#### WORK TO COMPLETE
A verbatim transcript of the data that follows, free of images, is the expected result.

#### PROVIDED DATA
━━━━
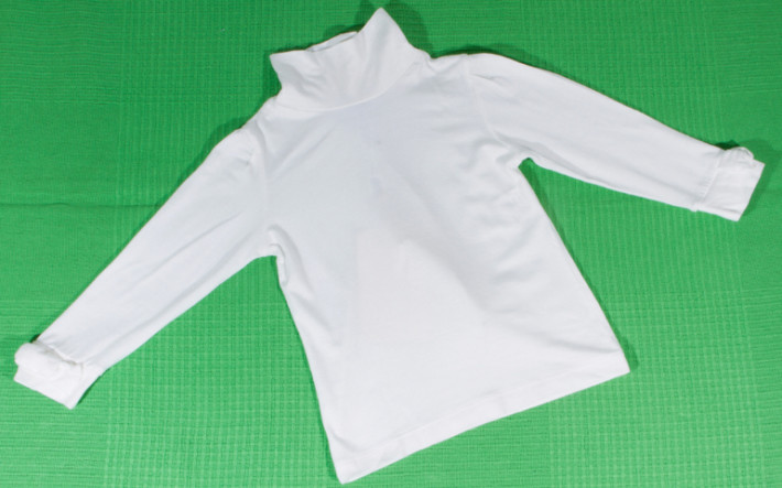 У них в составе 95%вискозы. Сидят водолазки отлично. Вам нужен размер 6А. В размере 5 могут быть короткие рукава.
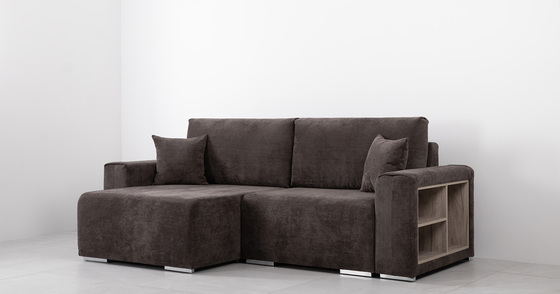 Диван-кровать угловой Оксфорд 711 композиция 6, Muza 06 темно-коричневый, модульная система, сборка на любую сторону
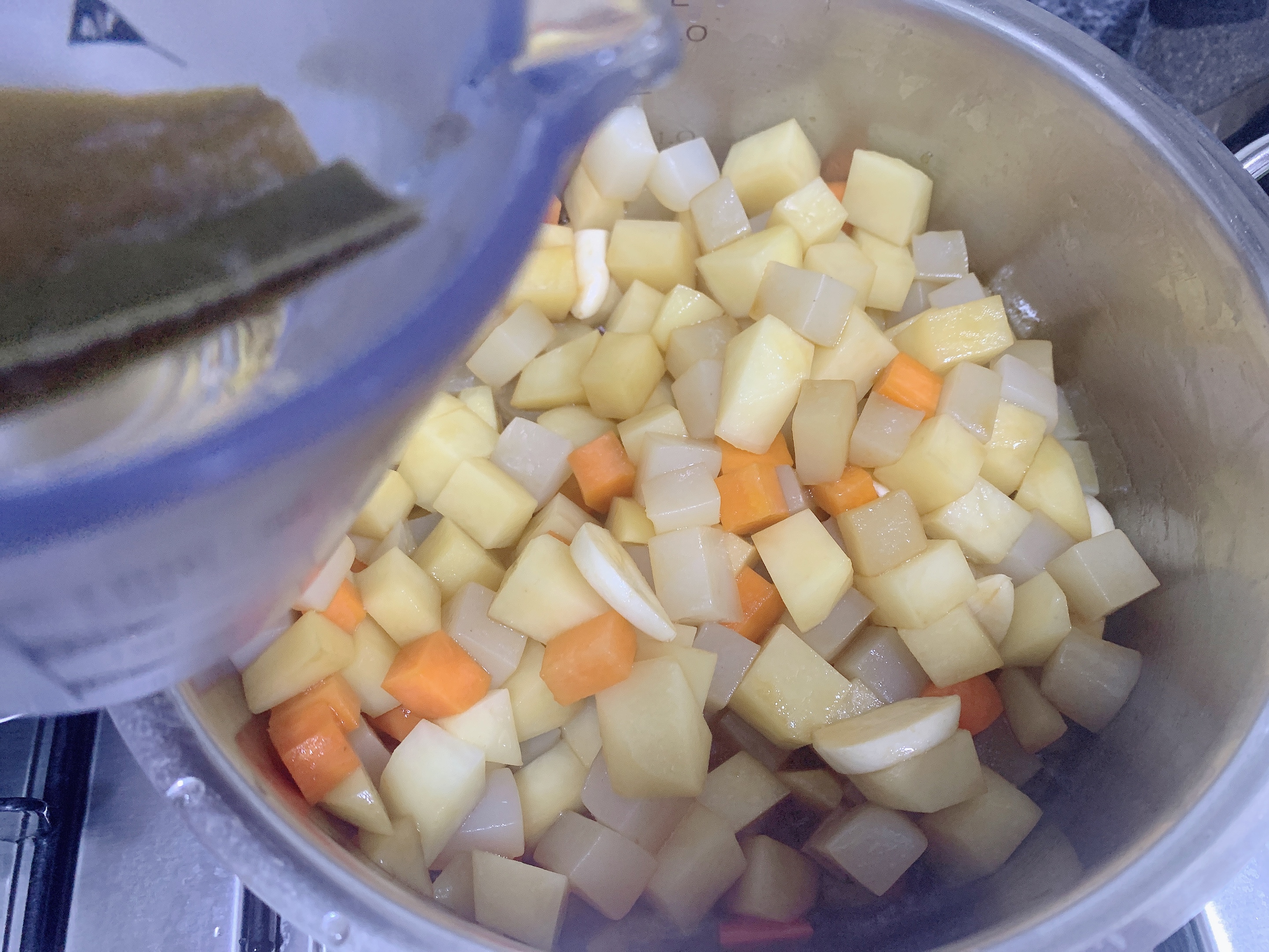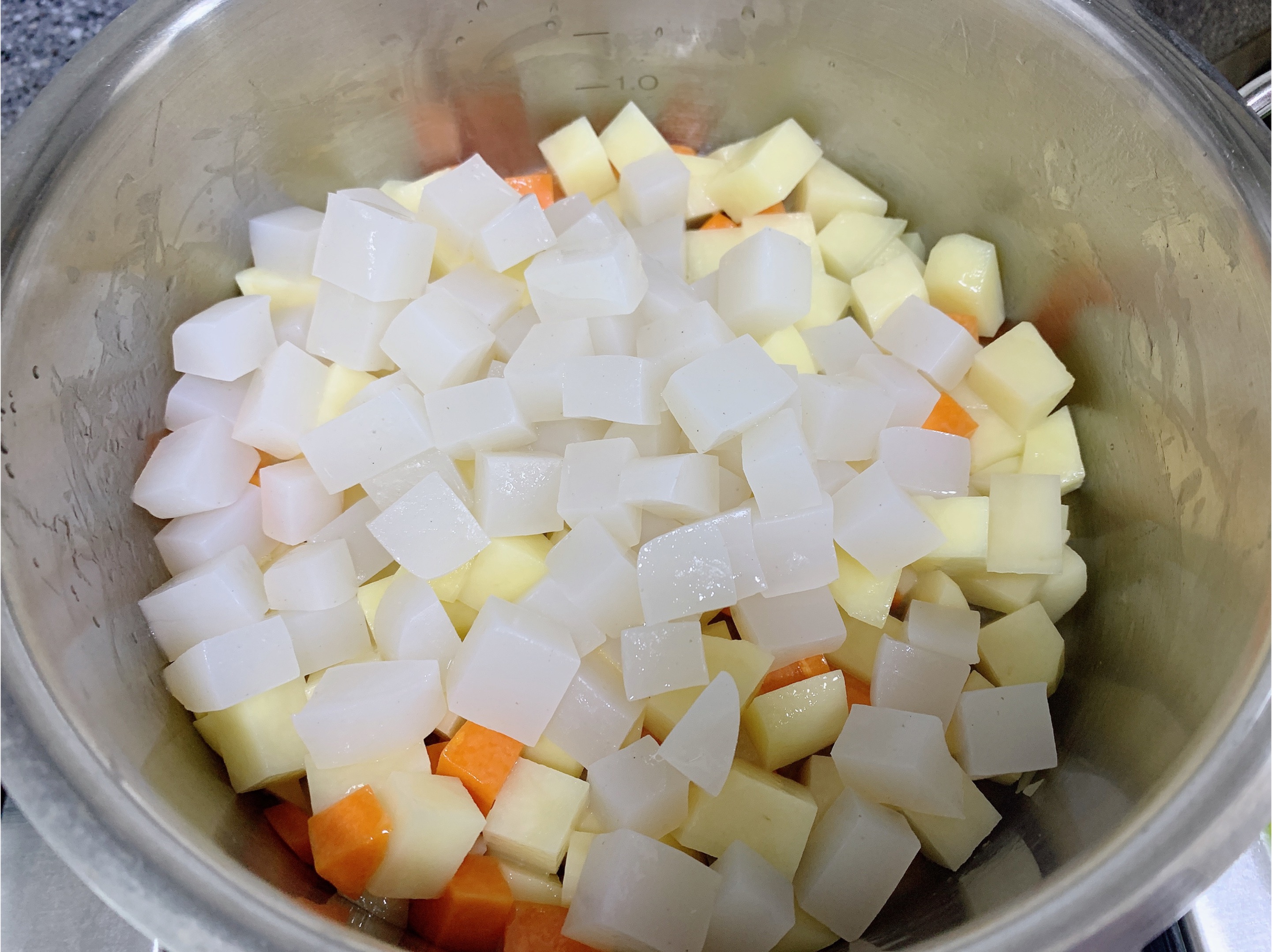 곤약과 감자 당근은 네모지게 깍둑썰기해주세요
━━━━
#### RESPONSE TO THE TASK
 У них в составе 95%вискозы. Сидят водолазки отлично. Вам нужен размер 6А. В размере 5 могут быть короткие рукава.
 Диван-кровать угловой Оксфорд 711 композиция 6, Muza 06 темно-коричневый, модульная система, сборка на любую сторону
 곤약과 감자 당근은 네모지게 깍둑썰기해주세요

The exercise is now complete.